Kubernetes for infrastructure engineers: what Terraform users need to understand
Published on 31 May 2026 by Adam Lloyd-Jones
1. The conceptual alignment: from resources to objects
The foundational principle of both Terraform and Kubernetes is declarative configuration. In Terraform, you describe the desired end state of your infrastructure—what you want to have in place—and the engine determines the step-by-step process for achieving it. Kubernetes operates under the same “desired state” model; you define objects like Pods and Deployments in YAML, and the Kubernetes control plane works tirelessly to ensure the actual state of the cluster matches that definition.
In the Terraform world, blocks are the nouns of the language, representing concrete items like virtual machines, subnets, or DNS records. In Kubernetes, these nouns are referred to as Objects. Just as a Terraform resource has a type (e.g., aws_instance), a Kubernetes object has a kind (e.g., Pod or Service).

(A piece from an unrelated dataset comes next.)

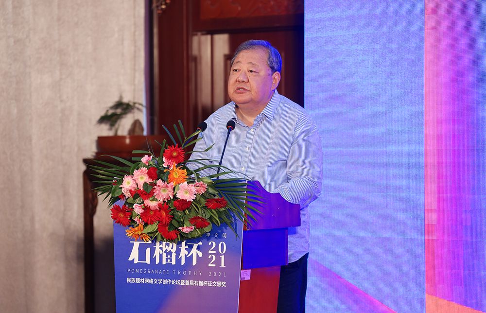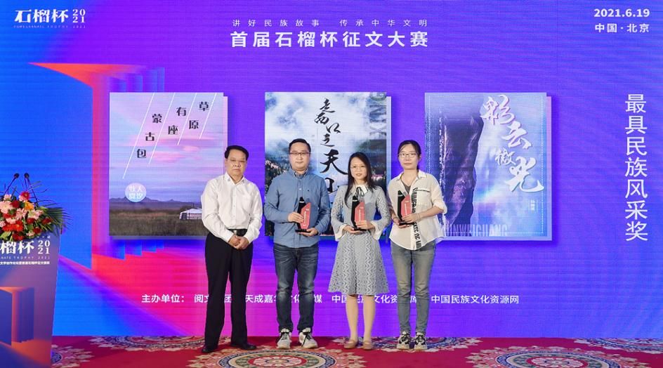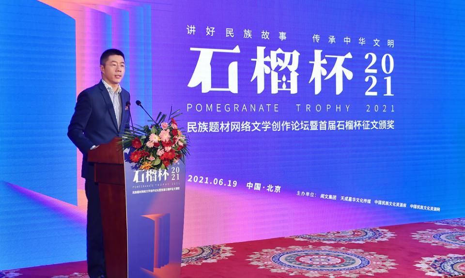 6月19日,民族題材網(wǎng)絡(luò)文學(xué)創(chuàng)作論壇暨首屆石榴杯征文大賽頒獎典禮在京舉行。作為國家民委主辦的“中華民族全家?!毕盗谢顒又唬讓檬癖魑拇筚惖玫搅藝颐裎幕麄魉竞椭袊贁?shù)民族文化藝術(shù)促進(jìn)會的指導(dǎo)與支持,由閱文集團(tuán)聯(lián)合天成嘉華文化傳媒、中國民族文化資源庫、中國民族文化資源網(wǎng)共同舉辦。本屆大賽以“講好民族故事 ,傳承中華文明”為主題,涌現(xiàn)出眾多弘揚(yáng)民族精神、表達(dá)文化自信、傳播正能量的作品。經(jīng)過專家推薦及嚴(yán)格評審,《草原有座蒙古包》、《走西口之天山行》、《彩云微光》等三部作品獲“最具民族風(fēng)采獎”,《神藏》、《歡想世界》、《爛柯棋緣》、《時光和你都很美》、《恰似寒光遇驕陽》、《黎明醫(yī)生》、《暖君》、《驚雷》、《大訟師》、《消防英雄》等十部作品獲“優(yōu)秀作品獎”。所有獲獎作品都將收錄入中國民族文化資源庫。中國作家協(xié)會副主席、書記處書記吉狄馬加表示,本屆石榴杯大賽是在黨和國家長期以來堅持的對民族文化、少數(shù)民族作家創(chuàng)作和民族題材創(chuàng)作的大力扶持下,依托網(wǎng)絡(luò)文學(xué)平臺,將文學(xué)作品與影視作品改編、游戲、動漫產(chǎn)品制作結(jié)合起來,探索的一條發(fā)展民族文化的新路,具有開創(chuàng)意義。

For an infrastructure engineer, the “unit of work” shifts from the EC2 Instance or Virtual Machine to the Pod, which is a collocated group of containers and the basic building block in Kubernetes.
2. Infrastructure provisioning vs. application orchestration
One of the most critical distinctions for Terraform users to understand is the “line of demarcation” between provisioning and orchestration. Provisioning tools like Terraform are responsible for creating the servers, databases, load balancers, and network topologies themselves. Orchestration tools like Kubernetes are responsible for managing the software that runs on top of those servers.
A common pattern in production-grade infrastructure is to use Terraform to build the cluster and Kubernetes to manage the workloads. For example, you might use Terraform to provision an Amazon EKS cluster, which includes the control plane, worker nodes, and the necessary IAM roles and VPC subnets. Once that “backbone” is built, you transition to using Kubernetes-native tools like kubectl or Helm to deploy applications onto that backbone.
The sources advise against using Terraform to manage individual applications inside a Kubernetes cluster. While a Kubernetes provider for Terraform exists, doing so places an abstraction layer on top of another abstraction layer, which can make debugging significantly more difficult. Instead, engineers should use Kubernetes manifests or Helm charts to manage application-level concerns like environment variables, secrets, and container image versions.
3. State management: the source of truth
Terraform users are intimately familiar with the State File (.tfstate), which acts as a “memory” mapping your code to real-world resource IDs. This state is often stored in remote backends like Amazon S3 or Google Cloud Storage to allow for team collaboration and state locking.
Kubernetes handles state differently. Instead of a single JSON file managed by a client, Kubernetes stores the entire cluster configuration and its current status in a distributed key-value store called etcd, which lives within the master node’s control plane. For a Terraform user, you can think of etcd as the “permanent, server-side state” of the cluster. While Terraform state is refreshed only when you run a command like plan or apply, the Kubernetes control plane continuously observes the actual state and automatically reconciles differences without human intervention.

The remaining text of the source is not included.